次のブロックでReiは、椅子に座り、アコギを抱えて演奏。弦を優しく爪弾きながら歌った「eutopia」では、ふわふわっとした温かい歌声や音色に触れながら、胸の内でいろんな思いを巡らせていた。続く「Smile!」では、太陽の日射しのように煌めくキラキラな音色の数々を、彼女は観客たちの身体へと降り注いでいった。曲が進むほどに心が煌き出し、誰もが笑顔を浮かべ、Reiの姿を見つめていた。煌めいた気持ちを優しく弾ませるよう歌い奏でた「Don’t Mind Baby」では、ゆったりとした、でもおおらかな歌声や温かい演奏に乗せて、今度は観客たちを明るい日射しが降り注ぐ外へと連れ出した。曲が進むごとに次第にテンポを上げ、気持ちを踊らせてくれたのが嬉しい。
Bee Geesの「How Deep is Your Love」のカバーでは、原曲の良さを生かしつつも、どこかけだるさも見せながら、彼女の気持ちが揺れ惑うままの呼吸で歌や演奏を届けていたのが印象的だった。続く、リズムマシンも用いたインストナンバーの「So?」では、テンガロンハットをかぶったReiが、この場に爽やかな南国の音の風を吹かせてくれた。
後半のブロックは、歌謡+ロックンロールな演奏に乗せ、観客たちをワイルドな姿で攻めた「Lonely Dance Club」から。少し奔放な女性に気持ちを染め上げ、Reiがギターを掻き鳴らし、高らかに歌う。その姿に興奮を覚えた観客たちも熱いクラップをぶつけ出す。この場に生まれた熱をさらに上げるように、Reiはホンキートンクでブルーズな「Route246」を歌い奏で、この場をカラッとした青空の広がるハイウェイの景色に染め上げ、観客たちをドライブへ誘い出した。ギターの音を繰り出すたびに、その演奏がアクセルになって気持ちを加速させる。じっとしているのがもどかしい。そんな観客たちの気持ちを揺さぶるように演奏した「Good Job!」では、高ぶる気持ちで「GOOD GOOD~」と歌うReiとシンクロするように、場内のあちこちで親指をピンと立てたGood Job!のポーズをしながら、一緒に気分を上げていた。

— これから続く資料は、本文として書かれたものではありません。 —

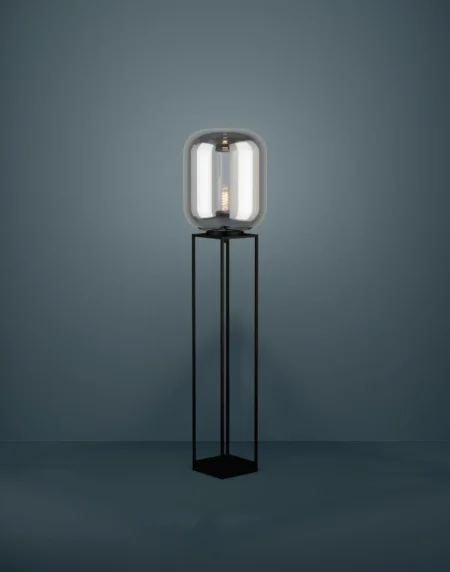 A modern floor lamp with a bold black steel finish, perfect for ambient lighting in living rooms and bedrooms.

力強いドラムのキック音に乗せて、早口で言葉をぶつけるように歌った「Heaven」からは、Reiの煽りもあって、椅子に座っているのにもどかしさを覚えていた観客たちが一斉に立ち上がり、身体を揺さぶりだした。そこへぶつけてきたのが、ハード&ロックンロールな「What Do You Want?」だもの。これまでのもどかしさをすべて解き放つように、観客たち自身がアクションを起こし、Reiと一緒に「What Do You Want ?」と歌いながら、心を思いきり開放していった。

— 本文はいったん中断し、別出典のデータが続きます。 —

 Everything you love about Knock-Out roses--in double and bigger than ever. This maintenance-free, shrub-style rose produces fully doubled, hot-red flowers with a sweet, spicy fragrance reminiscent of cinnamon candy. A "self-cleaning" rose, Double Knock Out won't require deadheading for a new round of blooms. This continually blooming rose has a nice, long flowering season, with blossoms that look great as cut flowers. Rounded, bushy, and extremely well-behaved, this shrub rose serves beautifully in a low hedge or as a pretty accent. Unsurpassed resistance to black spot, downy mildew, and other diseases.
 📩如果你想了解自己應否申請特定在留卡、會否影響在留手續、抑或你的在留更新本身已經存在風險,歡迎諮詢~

最初のアンコール曲となったソリッド&スリリングなビートも刺激的な「BLACK BANANA」でも、Reiと観客たちが「BANANANANANANA」と一緒に歌いながら、本編の続きを楽しむように、ノリノリの景色を作り上げた。そして…。
2回目のアンコールでReiはクラシックギターを手に、最後に、一人ひとりの心に音の木漏れ日を差すように「Sunburst」を穏やかに、温かく奏で、熱を抱いた観客たちの心を優しく包み込んでいった。

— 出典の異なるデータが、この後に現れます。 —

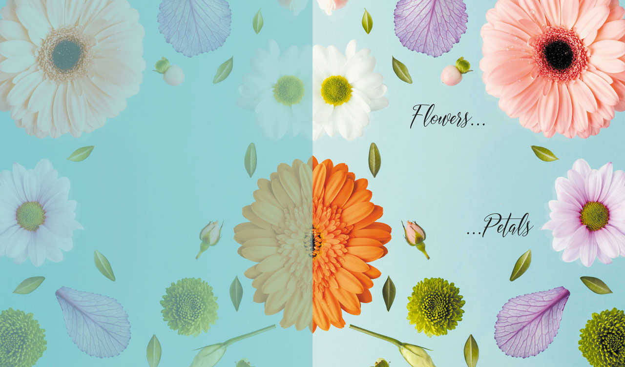 1. Assorted colorful composition of tulips on white and pastel yellow

たった一人とは思えない、曲に合わせて表情豊かな姿と強い存在感を示してくれたRei。この勢いを持って3月7日と8日にTHEATER MILANO-Zaで行われる『10th Anniversary Final “Rei at THEATER MILANO-Za”』公演が、ますます楽しみになってきた。